Skip to content

Subset

polaris.dataset.Subset

The Subset class provides easy access to a single partition of a split dataset.

No need to create this class manually

You should not have to create this class manually. In most use-cases, you can create a Subset through the get_train_test_split method of a BenchmarkSpecification object.

Featurize your inputs

Not all datasets are already featurized. For example, a small-molecule task might simply provide the SMILES string. To easily featurize the inputs, you can pass or set a transformation function. For example:

import datamol as dm

benchmark.get_train_test_split(..., featurization_fn=dm.to_fp)

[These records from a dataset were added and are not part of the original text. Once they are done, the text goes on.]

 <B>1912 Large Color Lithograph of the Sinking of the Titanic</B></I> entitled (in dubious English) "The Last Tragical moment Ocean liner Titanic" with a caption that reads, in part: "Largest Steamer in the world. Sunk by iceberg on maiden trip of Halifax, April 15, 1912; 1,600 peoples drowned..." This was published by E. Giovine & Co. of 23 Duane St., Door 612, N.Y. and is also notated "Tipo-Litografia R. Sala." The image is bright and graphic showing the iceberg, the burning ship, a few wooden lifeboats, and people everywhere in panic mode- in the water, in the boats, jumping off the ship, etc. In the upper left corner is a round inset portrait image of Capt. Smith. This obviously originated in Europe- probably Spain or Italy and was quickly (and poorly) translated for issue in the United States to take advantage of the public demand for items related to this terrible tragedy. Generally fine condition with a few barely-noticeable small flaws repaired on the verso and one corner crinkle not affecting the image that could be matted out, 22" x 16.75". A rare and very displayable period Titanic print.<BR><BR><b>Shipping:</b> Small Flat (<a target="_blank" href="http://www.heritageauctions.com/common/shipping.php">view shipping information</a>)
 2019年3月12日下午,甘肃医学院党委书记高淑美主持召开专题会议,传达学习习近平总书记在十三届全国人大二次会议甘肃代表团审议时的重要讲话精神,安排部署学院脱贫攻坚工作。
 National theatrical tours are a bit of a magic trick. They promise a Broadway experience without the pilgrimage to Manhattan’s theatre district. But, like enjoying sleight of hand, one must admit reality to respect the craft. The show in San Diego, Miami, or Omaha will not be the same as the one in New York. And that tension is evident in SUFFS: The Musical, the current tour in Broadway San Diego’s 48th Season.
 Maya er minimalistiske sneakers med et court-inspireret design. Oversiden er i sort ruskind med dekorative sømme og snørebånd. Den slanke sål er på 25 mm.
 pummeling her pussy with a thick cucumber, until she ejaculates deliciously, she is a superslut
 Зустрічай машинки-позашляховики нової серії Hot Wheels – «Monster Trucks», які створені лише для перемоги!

This should be the starting point for any framework-specific (e.g. PyTorch, Tensorflow) data-loader implementation. How the data is loaded in Polaris can be non-trivial, so this class is provided to abstract away the details. To easily build framework-specific data-loaders, a Subset supports various styles of accessing the data:

  1. In memory: Loads the entire dataset in memory and returns a single array with all datapoints, this style is accessible through the subset.targets and subset.inputs properties.
  2. List: Index the subset like a list, this style is accessible through the subset[idx] syntax.
  3. Iterator: Iterate over the subset, this style is accessible through the iter(subset) syntax.

Examples:

The different styles of accessing the data:

import polaris as po

benchmark = po.load_benchmark(...)
train, test = benchmark.get_train_test_split()

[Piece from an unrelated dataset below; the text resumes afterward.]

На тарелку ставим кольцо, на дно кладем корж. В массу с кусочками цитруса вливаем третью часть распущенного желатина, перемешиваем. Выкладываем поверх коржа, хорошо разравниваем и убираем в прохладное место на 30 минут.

# Load the entire dataset in memory, useful for e.g. scikit-learn.
X = train.inputs
y = train.targets

# Access a single datapoint as with a list, useful for e.g. PyTorch.
x, y = train[0]

# Iterate over the dataset, useful for very large datasets.
for x, y in train:
    ...

Raises:

Type Description
TestAccessError

When trying to access the targets of the test set (specified by the hide_targets attribute).